The twelve paintings that make up this cycle investigate as many fleeting moments in the movement of an undressed woman as she lies down. The ambition to grasp the mystery of movement is common to many artists. Examples include Balla and Bacon, who found inspiration in Eadweard Muybridge’s chronophotographs. The English photographer’s sequential shots are not taken with the intention of creating the illusion of movement (like the frames of a film), but to capture and freeze the moments. If Bacon and Balla use Muybridge’s teaching to create impressions of energy and movement, Orsi unveils the paradox: the precise and sharp painting gives the image a static quality. Raffaele Carrieri sees another paradox in this cycle of paintings. In these figures with their marble pallor, he sees the paradoxical eroticism of chastity. Familiar with the languid eroticism of the nudes painted in the first half of the 1970s, the poet emphasises the cleanliness of the figure, achieved through a clear drafting of colour within taut outlines. In the last panel, the “chaste and unassailable” protagonist disappears between the sheets. At the foot of the bed appears the image of a deformed skull taken from Holbein’s painting The Ambassadors. This symbolism makes the cycle a modern Vanitas. The reference to Muybridge is one of Orsi’s many connections with the world of photography; it is an object of study, a source for painting and material for composing graphic advertising works. Fundamental to the artist’s life is his relationship with one of Italy’s finest photographers, Federico Patellani. The two were united by a friendship that lasted several decades crossing over into professional collaboration. Painted in 1976, the cycle was presented to the public in 1981 at Piero Fornasetti’s Galleria dei Bibliofili.

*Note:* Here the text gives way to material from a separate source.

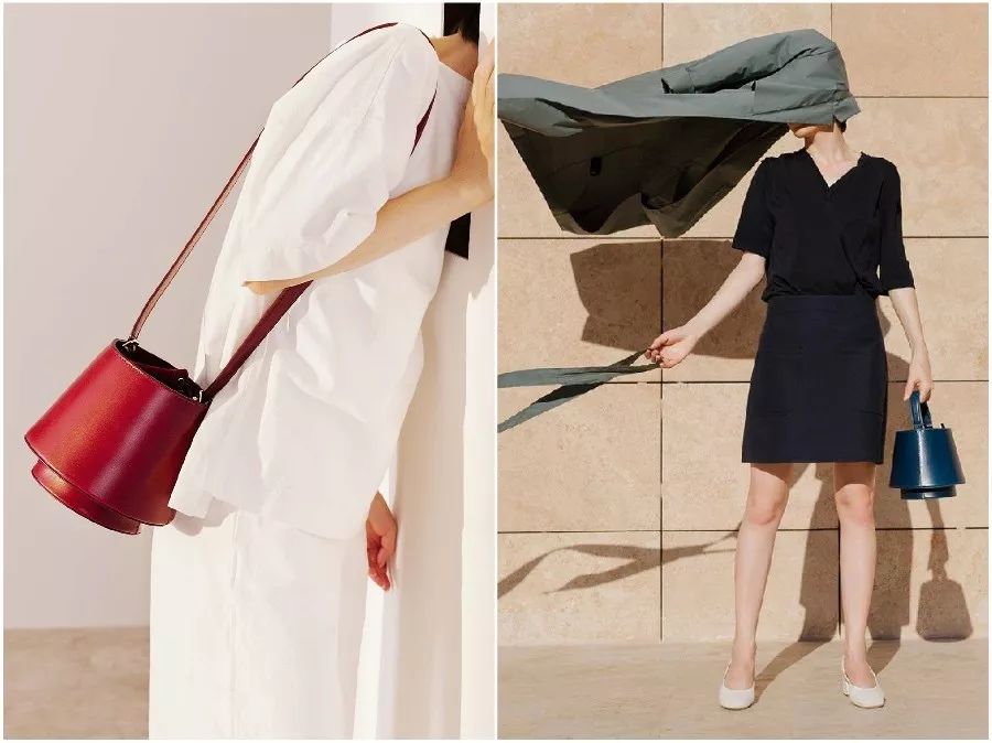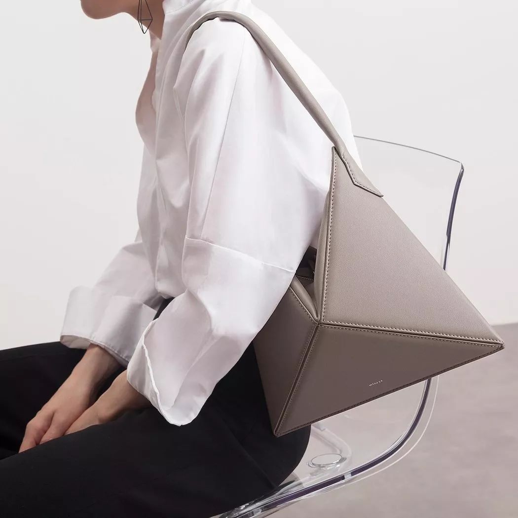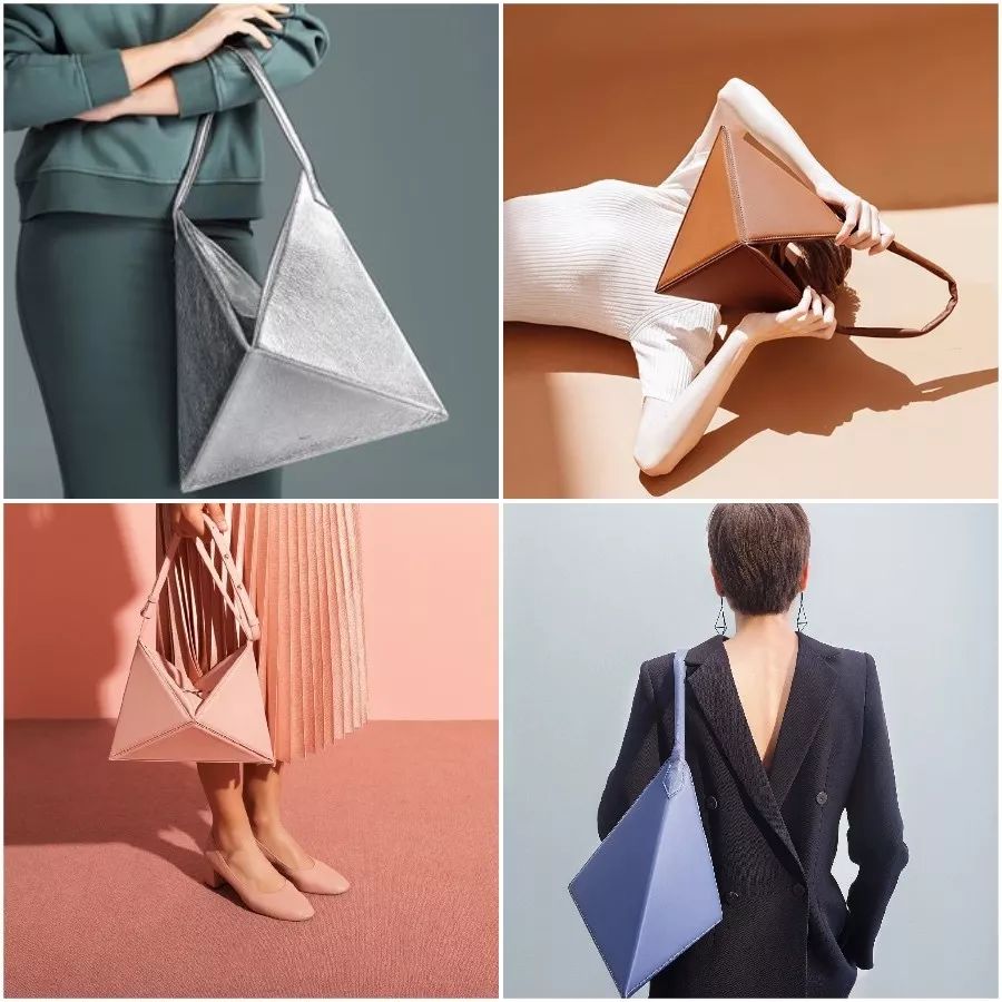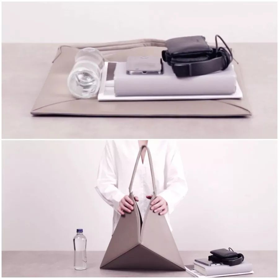 品牌主打款式,不装东西时可以摊平(就像三宅一生的主打款一样),装了东西就变成下边的几何立体造型。看似不大的包包可以装一本厚书、一瓶水、一本杂志、耳机、钱包和手机,真是小身材大容量~它还非常百搭,不仅能日常通勤用,周末玩耍休闲也可以 。

They are a link in a chain.
Keith Haring
All artists, even the most radical innovators, are always aware of the link with the past. As a profound conoisseur, Dady Orsi likes to re-enact images from art history. His latest cycle is a definitive reflection on the theme of continuity in art history. The cycle consists of 12 large canvases. Moving through the rooms of an imaginary museum, the artist unveils those relationships, similarities and kinship that stimulate his imagination. The individual paintings are dialogues in which a character from a work of the past is depicted as if it were three-dimensional and could move through the rooms of the imaginary museum, thus being able to observe other works of art that are similar to it. The observed work, on the other hand, remains two-dimensional and closed within the space of its own frame. By choosing the works to be given the parts in these “dialogues”, Orsi creates his own personal anthology of painting populated with images whose historical origins range from the deep prehistory of Lascaux to Picasso. The noble father of this operation is André Malraux. In his book Le Musée imaginaire, Malraux points out the potential of a visual dialogue between works of art from different eras and countries of origin. Closer to home, the critic Philippe Daverio has developed this comparative approach throughout his work and in his book The Imagined Museum. The importance of mise en scène reconnects Orsi to the world of theatre, where he was a young set designer in the 1940s and which played such a large part in his cultural formation. Painted in the early 1990s, this cycle is influenced by the postmodern climate, in which the practice of appropriation enjoys a legitimacy it did not previously have.